Id	Name	Year	Gender	Count
462006	Constance	1950	F	4442
462008	Glenda	1950	F	4213
462103	Bonita	1950	F	1527
462301	Ilene	1950	F	453
462305	Marta	1950	F	445

# library( ggvis )
names %>%
  filter( Name == "Constance" & Gender =="F" ) %>%
  select (Name, Year, Count) %>%
  ggvis( ~Year, ~Count, stroke = ~Name ) %>%
  layer_lines()

top.five.1920 <- 
  filter( peak.years, Year == 1920 ) %>% 
  top_n( 5, Count ) 

top.five.1920

## # A tibble: 5 × 5
##       Id Name     Year Gender Count
##    <int> <chr>   <int> <chr>  <int>
## 1 169464 Ruth     1920 F      26100
## 2 169465 Mildred  1920 F      18058
## 3 169472 Marie    1920 F      12745
## 4 169477 Lillian  1920 F      10050
## 5 169481 Gladys   1920 F       8819

names %>%
  filter( Name %in% top.five.1920$Name & Gender =="F" ) %>%
  select (Name, Year, Count) %>%
  ggvis( ~Year, ~Count, stroke = ~Name ) %>%
  layer_lines()

top.five.1975 <- 
  filter( peak.years, Year == 1975 ) %>% 
  top_n( 5, Count ) 

names %>%
  filter( Name %in% top.five.1975$Name & Gender =="F" ) %>%
  select (Name, Year, Count) %>%
  ggvis( ~Year, ~Count, stroke = ~Name ) %>%
  layer_lines()

top.five.2000 <- 
  filter( peak.years, Year == 2000 ) %>% 
  top_n( 5, Count ) 

names %>%
  filter( Name %in% top.five.2000$Name & Gender =="F" ) %>%
  select (Name, Year, Count) %>%
  ggvis( ~Year, ~Count, stroke = ~Name ) %>%
  layer_lines()

Ryan Burge posted a fun project on Kaggle about how to find hipster names using this historical data.
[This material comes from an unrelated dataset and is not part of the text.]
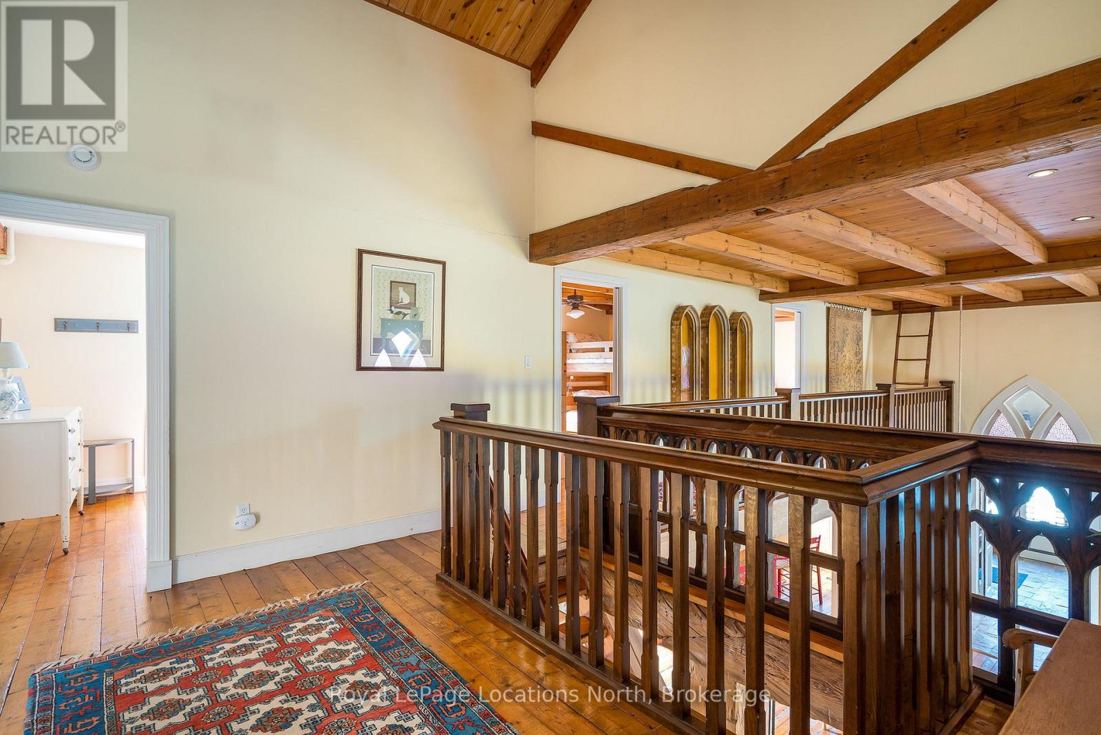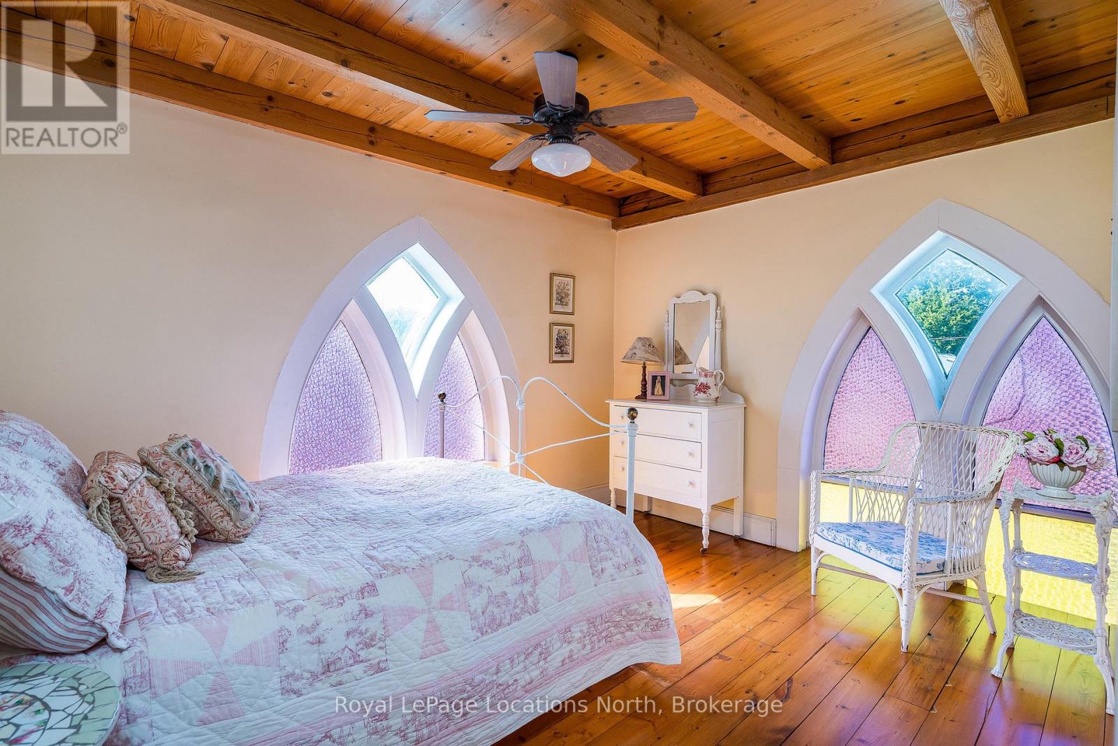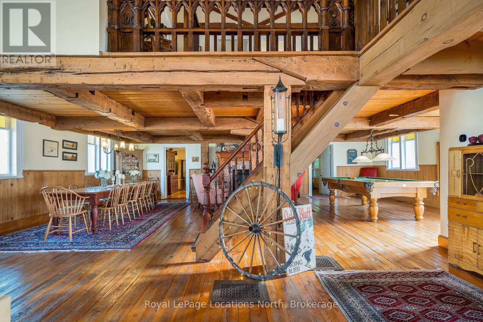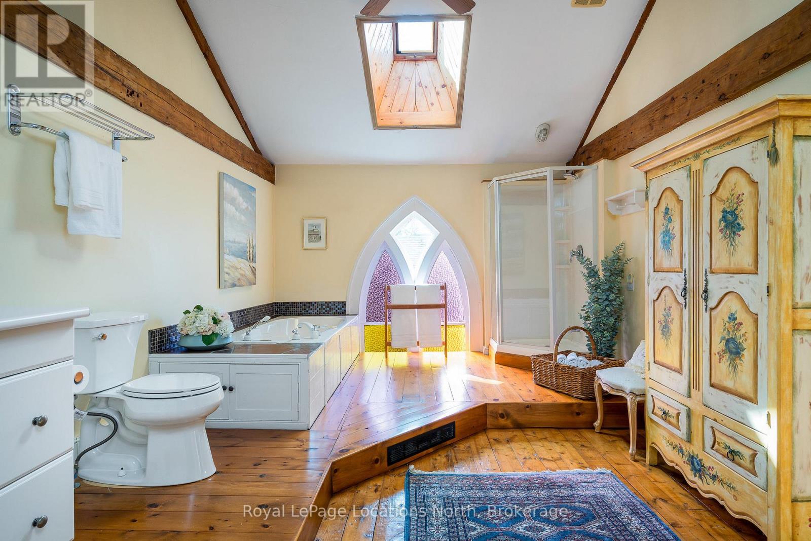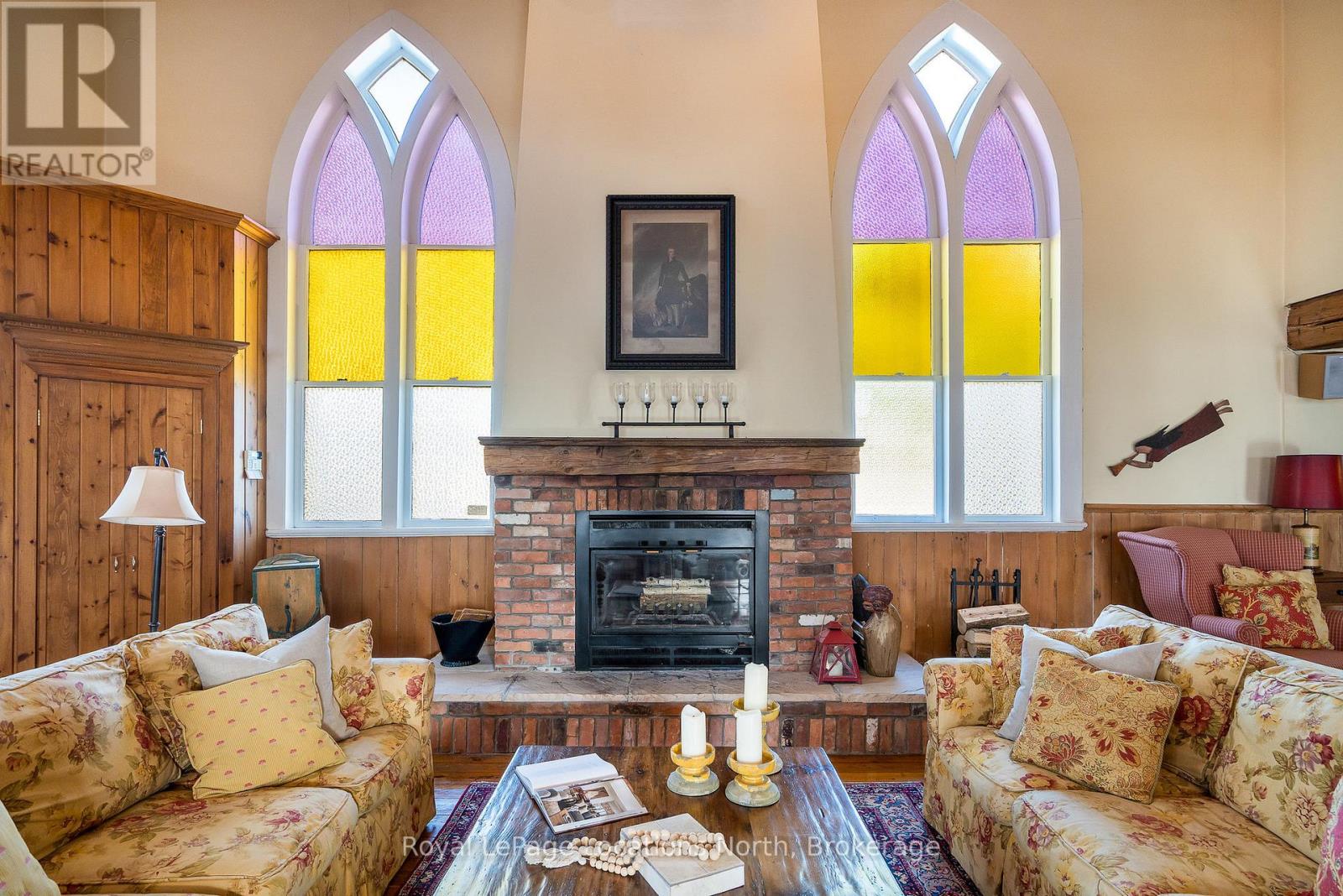 When you step inside this unique, renovated 1897 church, you can't help but imagine the fabulous holidays your family and friends would enjoy here. On the main street of the charming village of Nottawa, this is a home meant for gathering. This rare opportunity is absolutely full of thoughtful touches and decor lavished on it by its current owners, and all those touches are included in the sale. Furnishings, linens, rugs, art, lamps, antiques, even the dishes, all come with the house so moving in will be easy. Your family will enjoy the restful and restorative atmosphere of the main floor with the soft light of stained glass. The sprawling living space under post and beam cathedral ceilings has a chalet like feel. It features a primary seating area in front of a wood burning fireplace with a wonderful long and welcoming bar for entertaining. The bar itself was recovered from an old general store. An adjoining space houses another seating area in front of a gas fireplace and a large billiards table. The dining table seats 14 so no card tables will be necessary. Each space is wide open yet beautifully defined with a combination of historic details and new improvements. You will have room for all your guests in the five upstairs bedrooms, all stylishly decorated and all enjoying the comforting glow of stained glass windows.The main floor den has a pull out sofa bed and an ensuite bathroom for additional sleeping quarters. It is a home to wander in, explore, and bask in its warmth and coziness. Outside, a large backyard deck allows space for an oversized bbq and an enormous hot tub, all under a beautiful canopy of mature trees. Multiple sheds for storage and potting make maintenance easy -- and even the garden equipment is included. (id:49203)

He defines hipster names as those meeting the following criteria:

They were popular when your grandmother was young.
They were unpopular when your parents were young.
They have recently become popular again.

Let’s stick with women’s names.

df1 <- filter( names, Gender == "F" & Year >= 1915 & Year <= 1935 & Count > 3000 )
df2 <- filter( names, Gender == "F" & Year == 1980 & Count <= 1000 )
df3 <- filter( names, Gender == "F" & Year >= 2010 & Count > 2000)

hipster.names <- 
  names %>%
  filter( Name %in% df1$Name & Name %in% df2$Name & Name %in% df3$Name ) %>%
  group_by( Name ) %>%
  dplyr::summarize( total=sum(Count), peak=max(Count) ) %>%
  arrange( desc( peak ) )

Here are the top 6 female hipster names:

top.hipster.names <- c("Emma","Evelyn","Alice","Grace","Lillian","Charlotte")

names %>%
  filter( Name %in% top.hipster.names & Gender =="F" ) %>%
  select (Name, Year, Count) %>%
  ggvis( ~Year, ~Count, stroke = ~Name ) %>%
  layer_lines()

And the full list:

hipster.names %>% pander()

Name	total	peak
Emma	595546	22701
Evelyn	534502	14279
Grace	469034	12770
Alice	551034	11956
Lillian	421392	10050
Charlotte	312022	10048
Ella	273663	9868
Josephine	297064	8683
Eleanor	268153	8499
Ruby	340143	8407
Hazel	244069	7615
Clara	268980	5779
Eva	252465	4564
Lucy	185064	4257
Stella	155080	4165
Violet	122984	4156
Vivian	198012	4128

1.5 Conclusion

The pipe operator is a little confusing when you first encounter it, but you will find that using data verbs contained in the dplyr package and the pipe operator will speed up your analysis and make your code more readable.

In the next chapter we focus more on the use of groups in data science, and the applications of the group_by() function to make your job easier.